Both Angel and Marmolejo Gomez face charges in connection with the shooting. The former is accused of tampering with or fabricating physical evidence, while the latter was arrested this month on one count of manslaughter.

Seth Fuller, the attorney representing the teen defendant, referred to the judge’s 12-year sentence as “unnecessarily harsh,” according to the DMN.

“While I certainly understand the reasoning behind it, when I look at the wealth of scientific evidence of even just Texas juvenile incarceration, I do not think it makes society safer, but more dangerous,” Fuller wrote in an email to the Associated Press.

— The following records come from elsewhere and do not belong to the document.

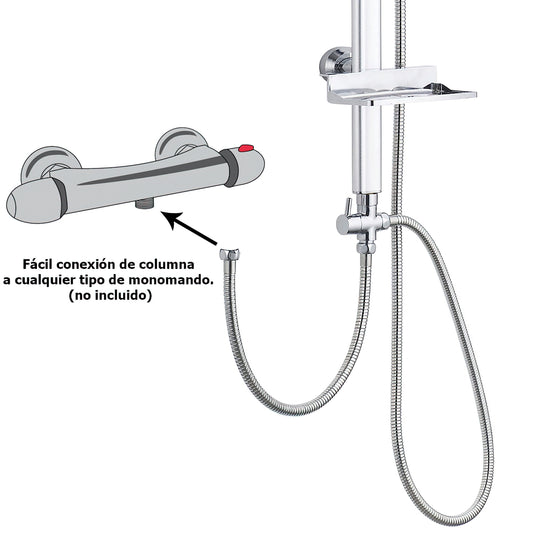 Columna Ducha Universal Multifuncional Completa Cuadrada, Acero inoxidable, Rociador Alcachofa Efecto Lluvia 22,5x22,5 cm.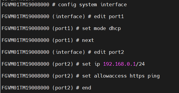 - Set a DHCP server on interface port2 (Range of IP address should be: 192.168.0.20 to 192.168.0.30, DNS: 4.2.2.4).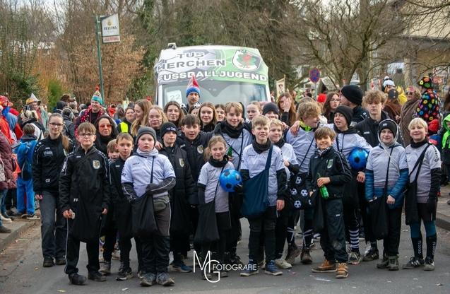 Mit über 50 Teilnehmern nahm unsere Jugend am Herchener Karnevalszug teil. Eine bunt gemischte Gruppe aus Spielerinnen und Spielern unserer B Juniorinnen, sowie D-, E- und F-Jugend, begleitet durch Trainer und Betreuer verbreiteten Spaß und Stimmung bei den unzähligen Zuschauern am Straßenrand. "Bewaffnet" mit Süßigkeiten und bunten Plastikbällen genossen alle Kinder das bunte Treiben.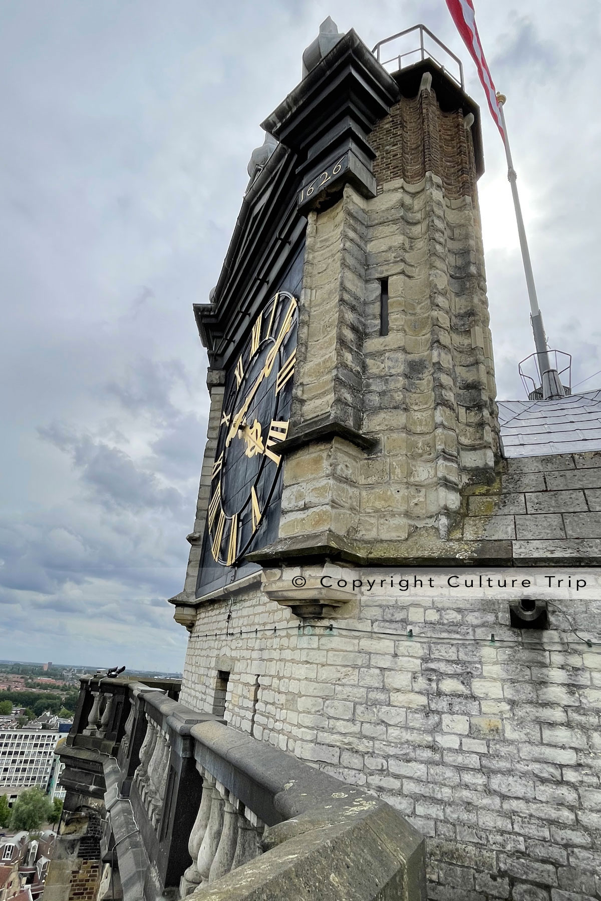 La tour est haute de 65 mètres. Il faut gravir 275 marches pour atteindre le haut de la tour d'où on peut apercevoir les ports de Dordrecht et la jonction des trois rivières.

As previously reported by The Dallas Express, the Dallas County Juvenile Detention Center has been under scrutiny since summer after allegations emerged that 11 children had been mistreated amid a larger ongoing investigation into the Texas Juvenile Justice Department.

A total of 219 murders and non-negligent homicides have been logged in Dallas in 2023 as of November 15, according to data from the City’s crime analytics overview dashboard. This represents a 13.5% increase year-over-year as the Dallas Police Department labors against an officer shortage.

DPD currently runs with fewer than 3,200 officers despite a City analysis previously estimating that a city the size of Dallas needs about 4,000 officers in total to properly maintain public safety.

The strain on DPD resources can be felt most heavily in Downtown Dallas, which sees significantly higher crime rates than Fort Worth’s downtown area. The latter maintains public safety in the city center via a dedicated police unit working in concert with private security guards.